PostPosted: Wed May 08, 2013 6:16 pm
by GuitarPhotog
I recently bought a Mr. Heater Propane Hose assy to connect my 20# propane tank to my Coleman propane stove and lantern. Both appliances use 1# cans.

Is there some trick to getting the hose to work? Neither hose (one with a POL nut and one with an Acme thread) works with any of my 3 tanks or with either of my propane appliances.

I can't believe that there's an incompatibility, 1# cans are 1# cans and 20# tanks are 20# tanks.

I don't need to hear about refilling my 1# cans again, we already had that discussion, I'd like to make the 20# tank work.

Thanks,

<Chas>
:beer:

Re: 20# tank to 1# appliances

PostPosted: Wed May 08, 2013 7:22 pm
by pmowers
This may be a stupid question, but when you say they don't work, do you mean that no gas flows, or the connectors do not fit the tank?

Mr. Heater has several types of adapters, their F273701 is designed for what you want to do. As I am sure you are aware, modern tanks have a mechanism inside to prevent leaks. You may have to make sure the lantern/stove/heater is turned off, then very slowly open the tank valve to get full flow.

I have a Coleman manifold tree that I use with propane lanterns and stoves and can routinely run 3 appliances at one time. I occasionally have to turn off the tank, give it a smack and then slowly turn it back on. If one of the appliances is open at the time, nothing lights.

Re: 20# tank to 1# appliances

PostPosted: Wed May 08, 2013 7:47 pm
by GuitarPhotog
The F273701 is the one I have. No gas flows to the appliance. The tank valve opens OK, there's gas trapped in the nut that escapes when I disconnect the hose from the tank. But the appliance doesn't seem to open the cut-in the appliance end of the hose.

The tanks all work with other appliances, so it's not the cut-off valve in the tank that prevents opening the tank with no hose connected.

<Chas>
:beer:

Re: 20# tank to 1# appliances

PostPosted: Wed May 08, 2013 8:35 pm
by Dale M.
IF you do not have connector on tank screwed on tight enough, there will be no flow.... There is a internal valve in OPD valves that does not let propane out of tank even with valve on if regulator or connector (POL) is not tight enough to open internal valve in connection port.... You may have bad hose (connector) or are actually not tightening it enough at tank valve connection....

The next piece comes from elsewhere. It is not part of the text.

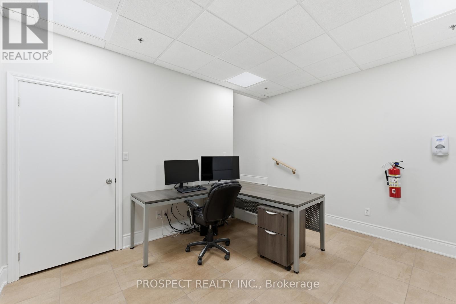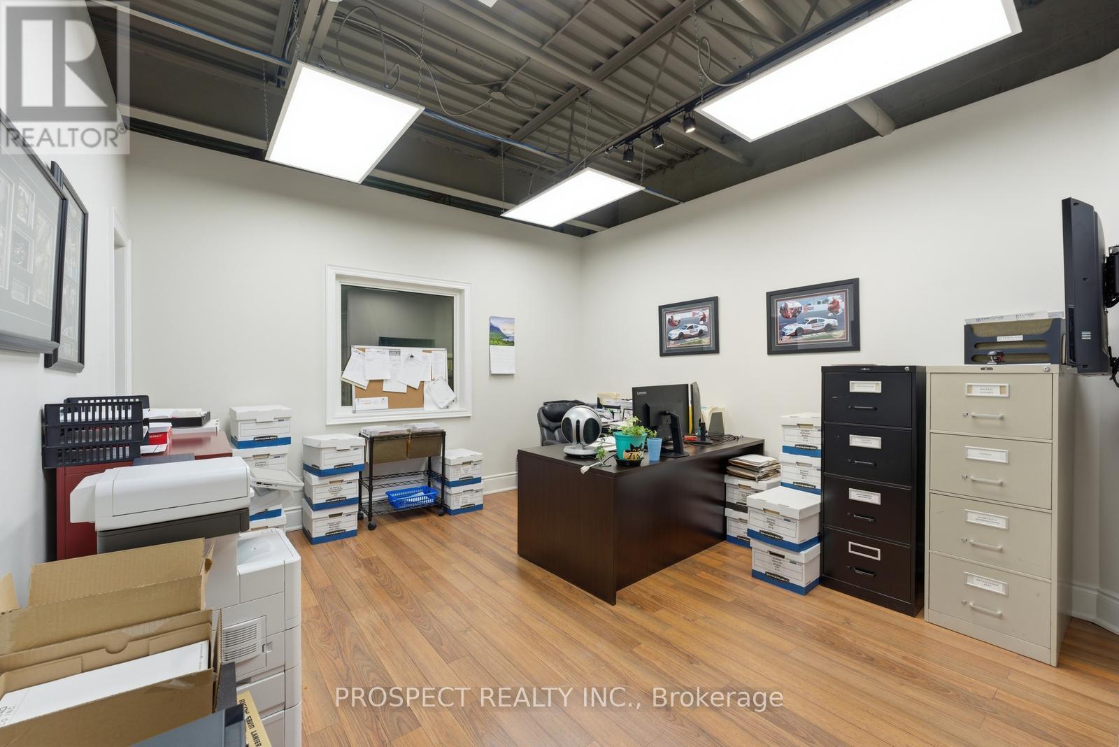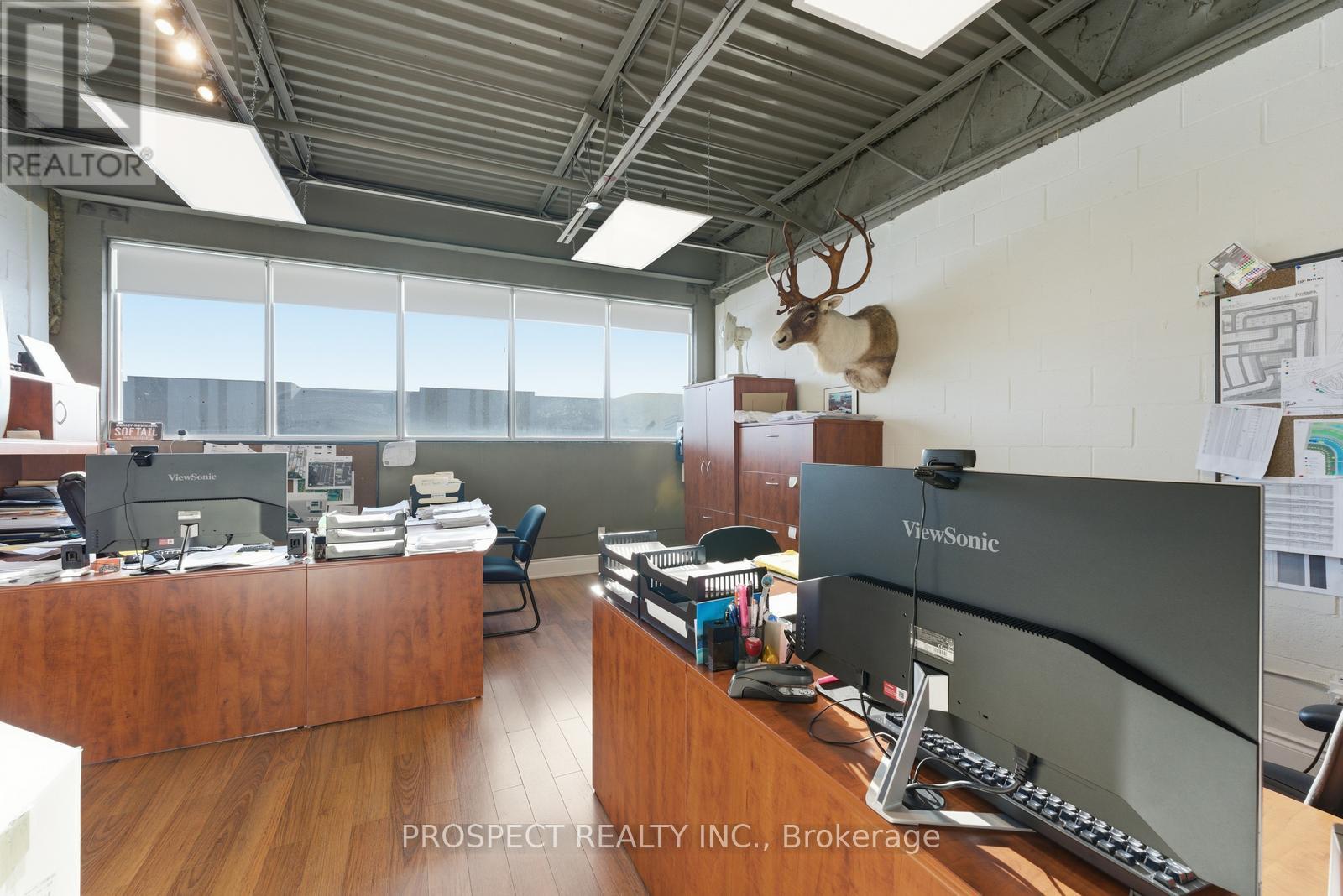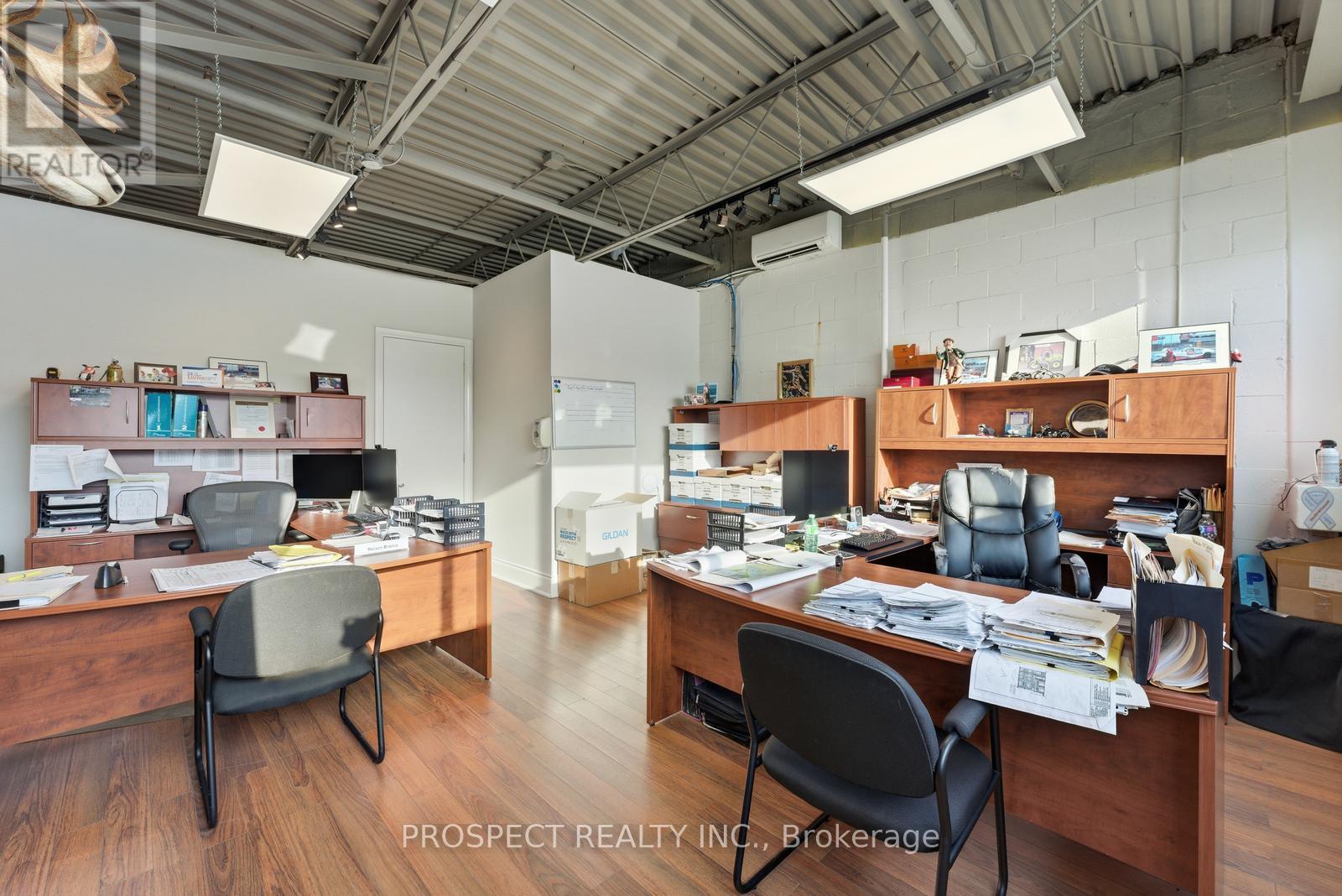 This unit is a rare opportunity to grow your business or start a new one. It is clean and well maintained and owned by the same company for almost 20 years. There is ample office space with a reception area and a board room. Equipped with two washrooms, one of which is accessible. The warehouse is 574 sq ft with 20 ft of clear height. 1 drive in door, 14 ft wide. The unit has 3 reserved parking spots in front of the unit. The complex is well maintained with many businesses surrounding the area. Close to main roads such as Hwy 50 and Coleraine and close to Hwy 427. 2nd floor windows allows lots of light in the unit on both first and second floor. Maintenance fees include: landscape, snow clearing, annual fire inspection, water. (id:64974)

I would consult MR Heater if they are the manufacture of hose....

Dale

Re: 20# tank to 1# appliances

PostPosted: Wed May 08, 2013 8:39 pm
by Lonnie Mac
GuitarPhotog wrote:The F273701 is the one I have. No gas flows to the appliance. The tank valve opens OK, there's gas trapped in the nut that escapes when I disconnect the hose from the tank. But the appliance doesn't seem to open the cut-in the appliance end of the hose.

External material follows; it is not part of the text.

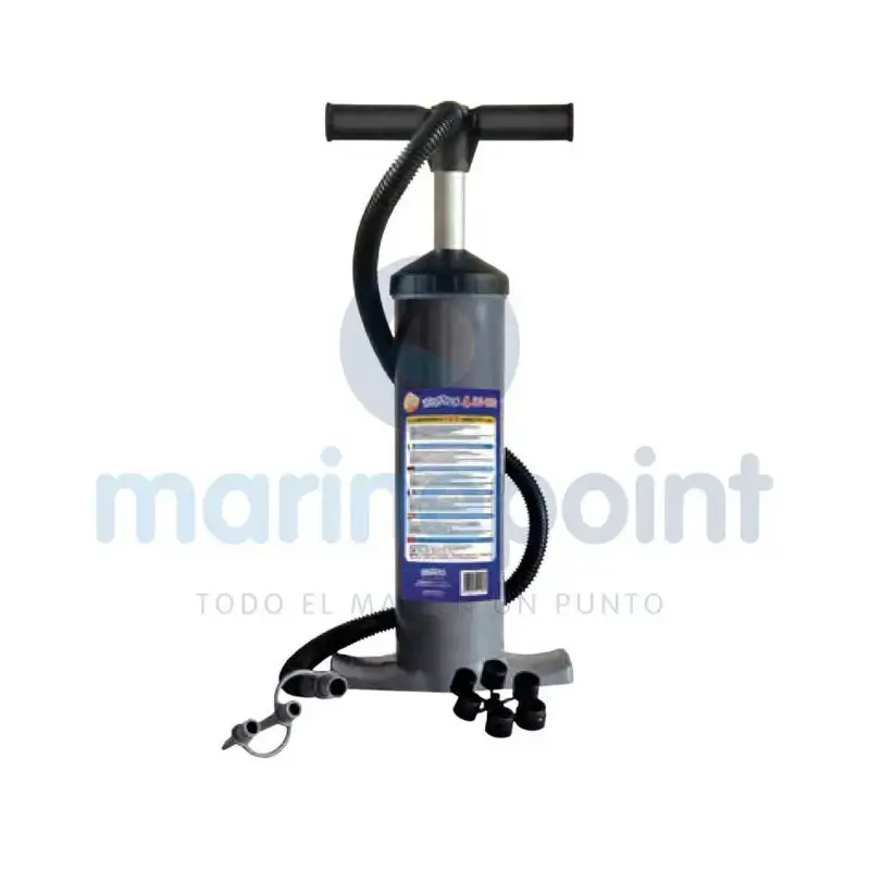 Double action pump with reinforced PVC tube. Aluminium piston and rubber and silicone seals.

The tanks all work with other appliances, so it's not the cut-off valve in the tank that prevents opening the tank with no hose connected.

<Chas>
:beer:


Howdy friend!

This sounds like an OPD issue. My hose that I have has a normal regulator that attaches to the 20#er tank, then to a long hose to my appliance. No issues. These hoses you have do not have a regulator, so in essence, you are opening a full 20# tank into a non-regulated hose to a stop valve on your appliance. Too much, too fast... The excess flow shut off valve on your tank will have issues with this setup as it is part of your OPD valve if you have a newer(ish) tank. This is so you can't open a 20#er without anything attached and spew propane. Kinda shuts itself off for safety. Once it is shut off, you need to reset it. There are procedures out there to hook up your hose and appliance, bleed off the pressure in the OPD valve using the bleed screw to reset, (the one you see the propane guys use when filling your tank) and then you should be able to use it normally as long as it is hooked to your appliance.

Re: 20# tank to 1# appliances

PostPosted: Wed May 08, 2013 9:13 pm
by pmowers
Are you using tanks from one of the exchange companies by any chance? One of the area refillers (Amerigas?) had some problems with the OPD valves on their tanks, the threads were a little longer than other valves. This extra length meant that some grills and hoses would install tight, but not quite deep enough to trigger the OPD antileak feature. A friend happened to talk to the delivery guy and he had a bunch of tanks which had that problem.

It is possible that the acme valve on the Mr. Heater could have a similar problem, the connector being just a hair too short. If possible, I would compare the connectors with one that you know works. If you bought it locally, I would try exchanging the connector to see if another one works.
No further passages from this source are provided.